Print exactly the lines from the one that contains "1、进入游戏的时间我们需要选择语言,这里选择简体中文就行" through the last line of the material, both included, and leave out all pictures.

----

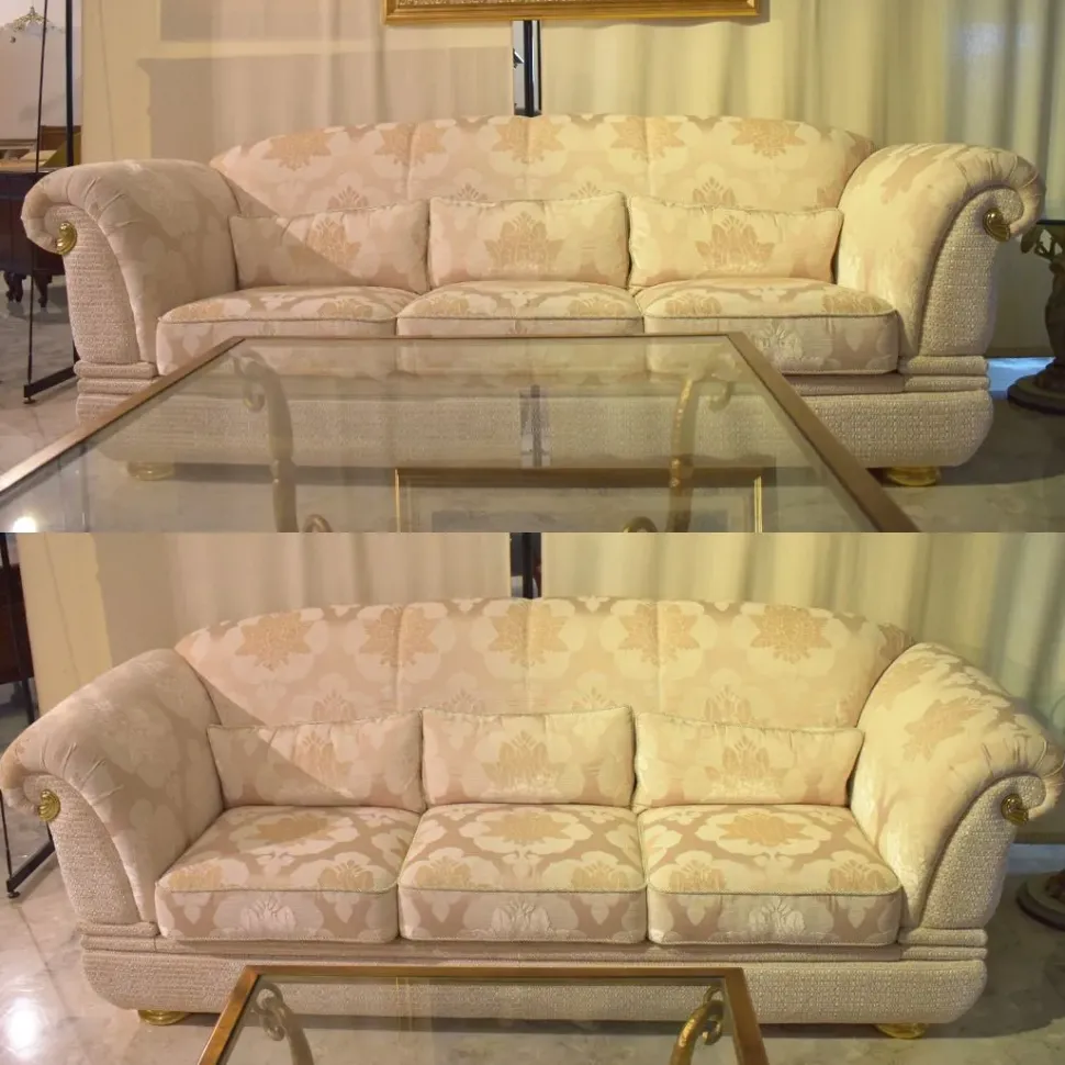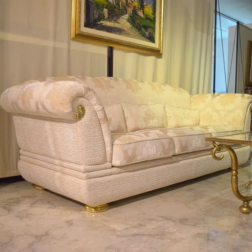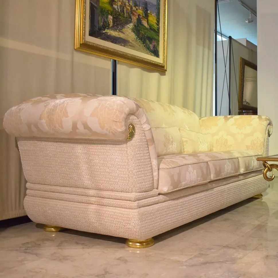 Divano Luxury ditta Turri mod. Doniss cm 242x86h.90, rivestimento in tessuto pregiato e finiture oro.
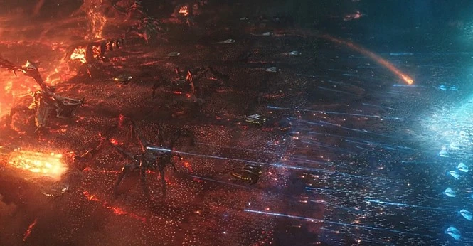 영화 초반 아탈라나 여왕의 액션이나 중반부 시칠리아 섬에서의 액션에서 알 수 있듯 <아쿠아맨>의 액션 시퀀스는 씬들이 길다. 롱테이크를 통해 액션의 시작부터 끝 까지를 모두 느끼게 하는 연출인데, 롱테이크가 아닌 씬들조차 패닝과 틸팅을 활용한 씬들인 경우가 많다. 다만 롱 테이크는 속도감이나 리듬감을 구현하는 데는 어려움이 있을 수도 있는데, 제임스 완은 이마저도 카메라의 원근을 빠른 속도로 큰 변화를 주면서 극복해낸다. 여기에 DC 특유의 슬로 모션이 곁들여지면서 <아쿠아맨>의 액션은 마블과 DC 양쪽 모두로부터 차별화되었고, 이 점이 영화의 호평을 이끌어낸 가장 탁월한 선택이지 않았나 싶다. 물론 후반부에 펼쳐지는 대규모 전투 씬은 이러한 카메라 워킹 필요 없이 히어로 영화를 뛰어넘는 그 스케일만으로도 탁월한 쾌감을 선사한다.
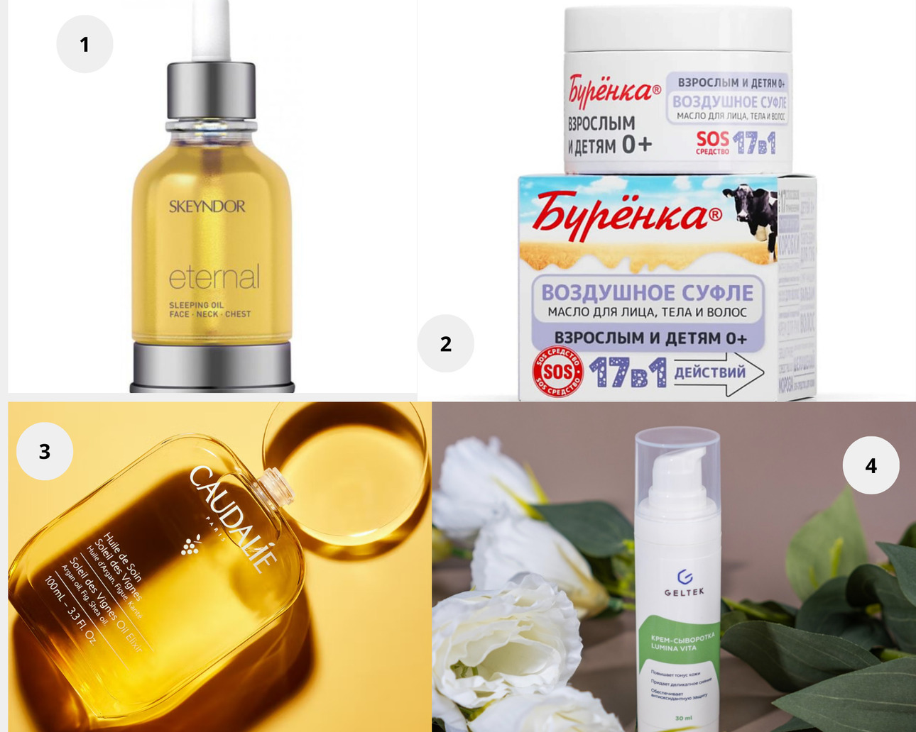 1. Ночное масло с маслом жасмина антивозрастное от Skeyndor Eternal. 2. Буренка Масло-суфле для лица, тела и волос. 3. Сухое масло для тела Soleil des vignes Caudalie. 4. Geltek Крем-сыворотка Lumina vita.
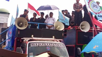 Lantunan sholawat menggema dari tengah massa dan menjadi penyejuk suasana. Para buruh yang hadir tak hanya menyuarakan tuntutan, tetapi juga menegaskan komitmen menjaga ketertiban dan persaudaraan. Momen ini pun disambut hangat oleh jajaran kepolisian yang ikut berbaur dalam doa.
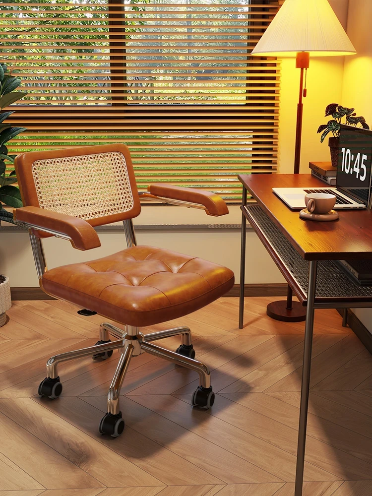 家庭用コンピューターチェア|軽やかで高級感のあるヴィンテージデザイン|回転機能付き|快適さ抜群で長時間座っても疲れない|書斎や寝室に最適な木製リクライニングチェア
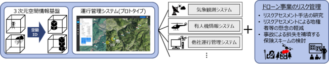 今回、3次元空間情報基盤と本プロジェクトで開発する運行管理システムを連接したビジネスモデルの経済価値について検証します。また、ユースケースごとにリスクアセスメントを実施し、その結果をもとに運行管理システムと連携したドローン事業者向けの損害保険スキームを検討します。
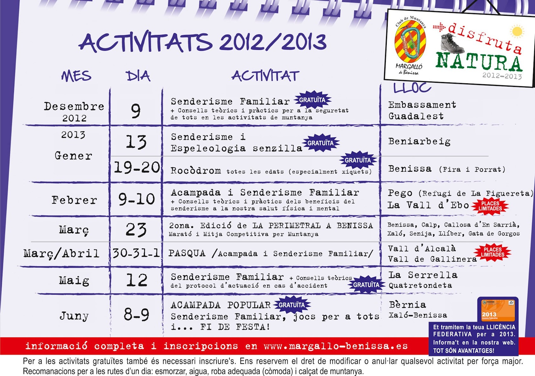 El Grup de Muntanya Margalló publica el programa complet d’activitats “Disfruta Natura” 2012/2013
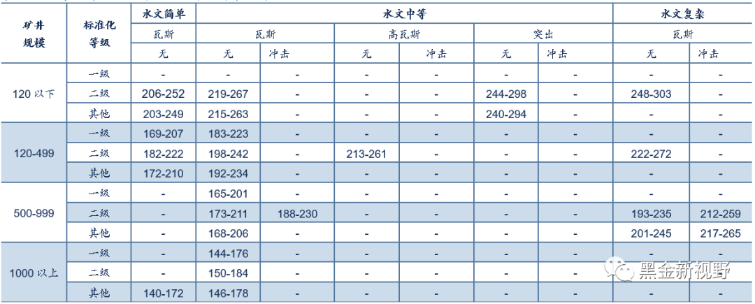 煤炭资源网样本煤矿数据。根据中国煤炭资源网提供的样本煤矿,矿井规模分别包含180-300、500-1000、1300、1500万吨/年,样本煤矿的原煤生产成本为104.86-265.44元/吨,原煤完全成本为131.30-305.56元/吨。
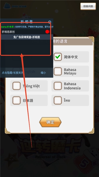 1、进入游戏的时间我们需要选择语言,这里选择简体中文就行
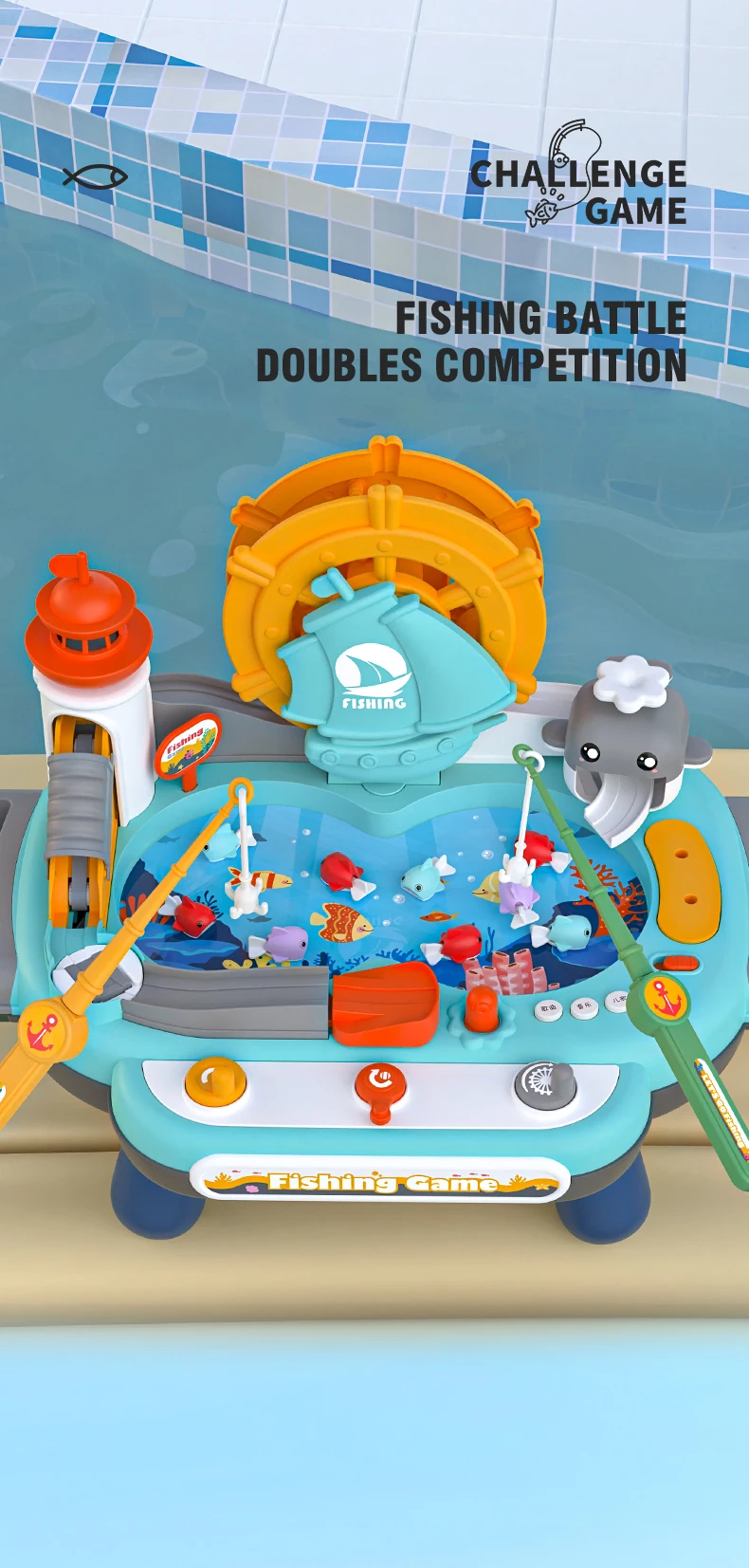 3. Fishing battle, two-person competition, with fishing rods placed in fixed positions

----

▶ RESPONSE TO THIS EXERCISE
 1、进入游戏的时间我们需要选择语言,这里选择简体中文就行
 3. Fishing battle, two-person competition, with fishing rods placed in fixed positions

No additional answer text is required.